54 定期考査の勉強と段取りをする力

 1、2年生の学年末考査が1週間後に控えています。本校の生徒の様子を見たり、教員から話を聞いたりしたところでは、残念ながら計画的に定期考査に臨む勉強をしているケースが少ないようです。何をどうしたらいいかわからない、という意見をよく聞きます。①日程と実施教科の確認②範囲の確認③勉強の素材がそろっているかの確認④計画⑤計画に沿っての勉強、というのが基本です。これは将来的に働くようになった時に仕事の段取りをするのとほぼ同じ順番になります。

 なかなかイメージがわかない場合は、料理で考えてみましょう。料理を作るときに行き当たりばったりで、「いきなりたこ焼きを作るぞ」といって取り掛かる人がいれば、「おいおいちょっと待って、すぐにできるんかいな」と言うと思います。しかし、勉強に関しては、それと同じような行動を思いついたようにとる人が多いのではないでしょうか。

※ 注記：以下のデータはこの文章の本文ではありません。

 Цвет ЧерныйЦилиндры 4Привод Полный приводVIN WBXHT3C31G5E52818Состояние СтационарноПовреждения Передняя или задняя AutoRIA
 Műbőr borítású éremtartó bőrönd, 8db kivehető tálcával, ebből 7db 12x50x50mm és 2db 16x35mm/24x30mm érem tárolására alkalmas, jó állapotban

 上の順番を見ればわかるように、①から③まではまず確認です。料理で考えてみると、①いつの何時までにどういう名前の料理をつくるのかを確認(今日の夕飯はたこ焼きにする)②それぞれの料理はどの程度の内容にするのかの確認(冷凍食品ではなく、できるだけ手作りをめざす)③冷蔵庫の中などを調べて、必要な素材がそろっているかをチェックして、無いものは買い足す(たこ焼き粉は前の分でいけるが、タコとねぎなどは冷凍しているものもないから買い物が必要)④レシピを考える(ネット動画にいつもとは違うたこ焼きのレシピがあったので、それに自分なりの工夫を加えて作ろう)⑤実際に調理にかかる(家族で役割分担してたこ焼きを焼く)、ということになります。

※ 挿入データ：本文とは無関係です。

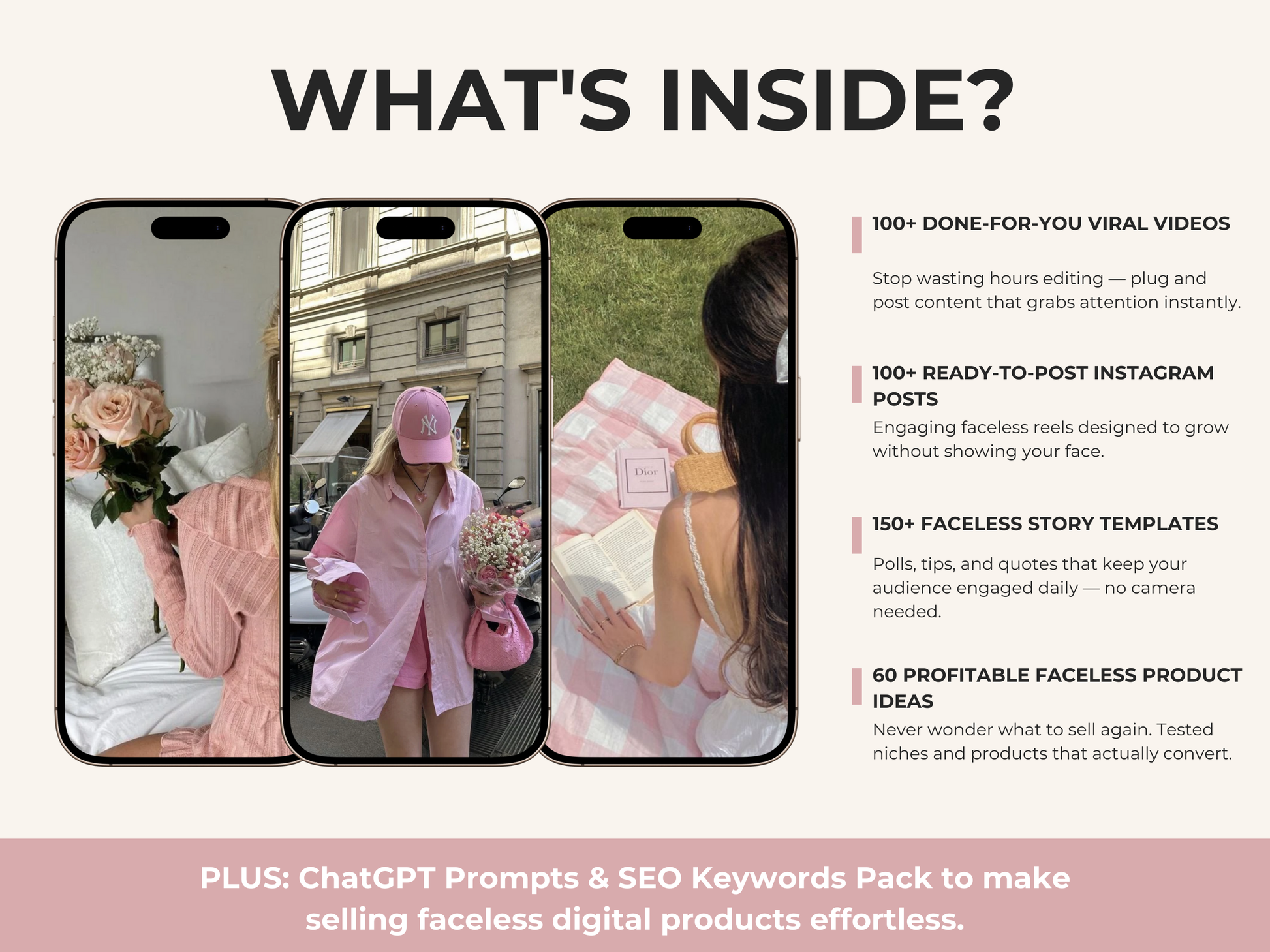 With this vault, you’ll have ready-to-post content, ideas that sell, and a clear plan to turn your faceless channel into a brand.
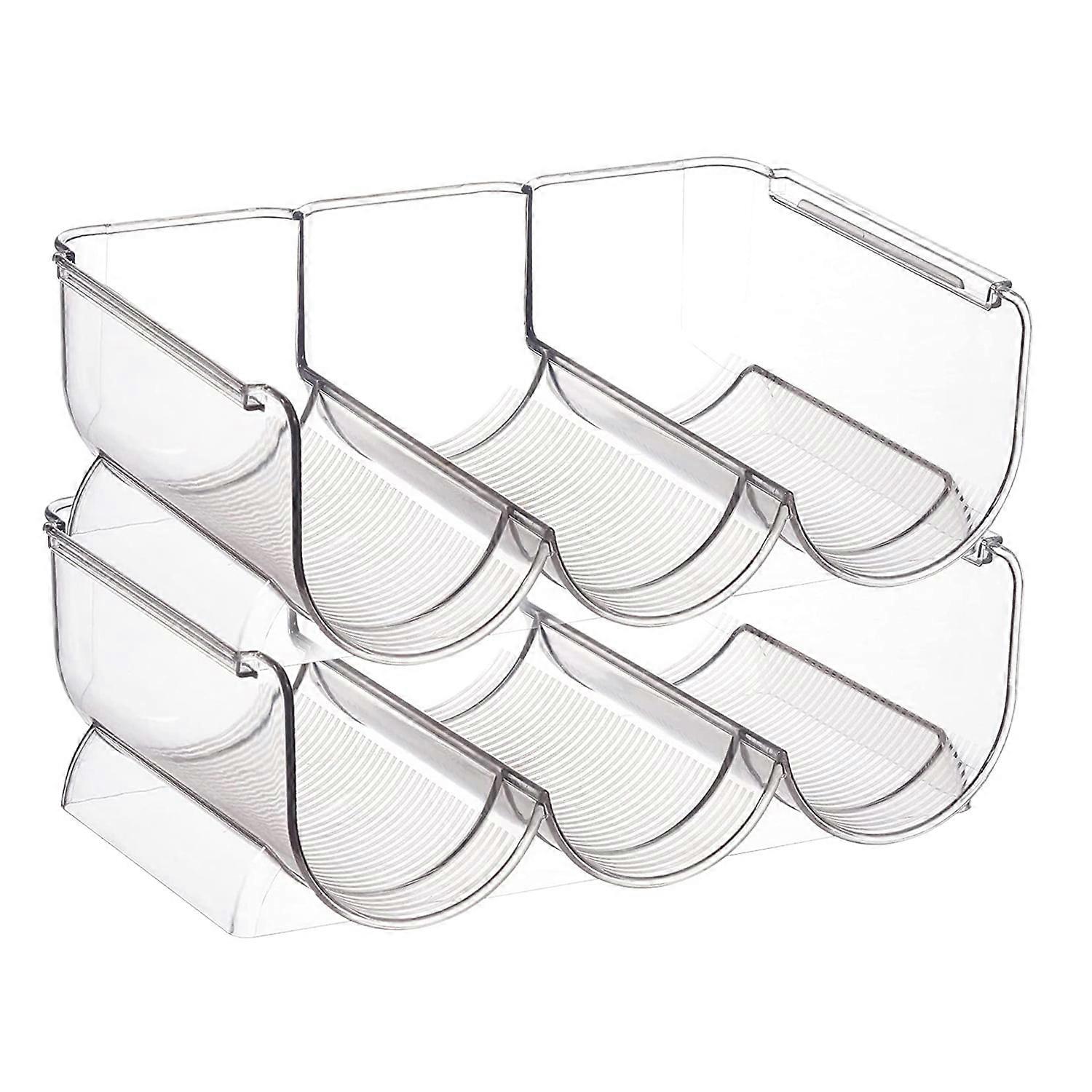 2 Pack Plastic Stackable Wine & Water Bottle Organizer Holders for Kitchen Pantry Refrigerator Countertop Storage Bins

 定期考査の勉強でもまず①から③の工程をきちんとしておくことが実は大切になります。たとえば、範囲のプリントはすべてそろっているかを確認しないと、前日の勉強で一枚大切なプリントが欠けているということわかったという事態を招きます。これが請け負っている仕事だったとすればどうでしょう。納期期限に間に合わないということになってしまいますね。段取りをする力も試行錯誤や練習をしないと身につかないものです。小学校からつづく学校のなかでの教育活動には、まだ強い利害が生じない場面でその力を身につけていくという意義もあるのです。ですから、周りがあまりにもお膳立てをしすぎることはいかがなものか、ということになります。

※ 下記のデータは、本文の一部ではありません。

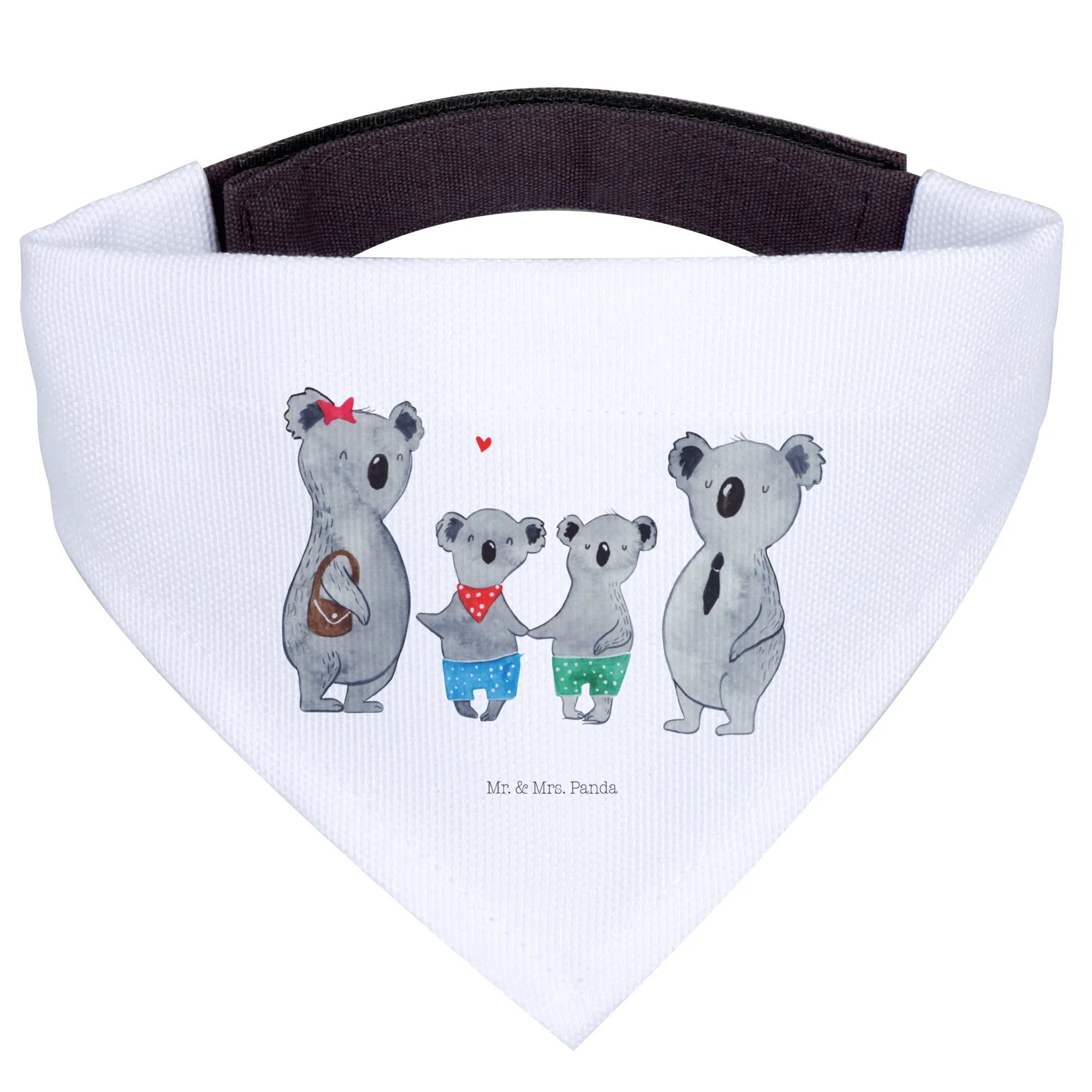 Dog neckerchief Koala family with two kids - Dog neck scarf M - with saying - White

 子どもがしている様子はまごまごしているし、危なっかしいから見ていられない、それに大人がしたほうが早いし、きれいだから、ということで大人がしてしまうと、その子どもが失敗しながらでも新しい技能を身につけていくことができなくなります。この点は、(私の自省も込めて、)せっかちな性格の大人は気をつける必要があります。民俗学の本を読んでいると、この種の社会教育のあり方という点では日本社会は後退していると私は思います。近い立場の大人などはどうしても過保護的になってしまうので、そうなるのを自ずと防ぐような機能が地域社会や教育機関にあったようです。子どもたちを大切にしながら、その子どもが将来的に自律して社会的な力を身につけるためには、どのような新しい方向性を見いだしていくべきか。現代日本の課題の一つだと思います。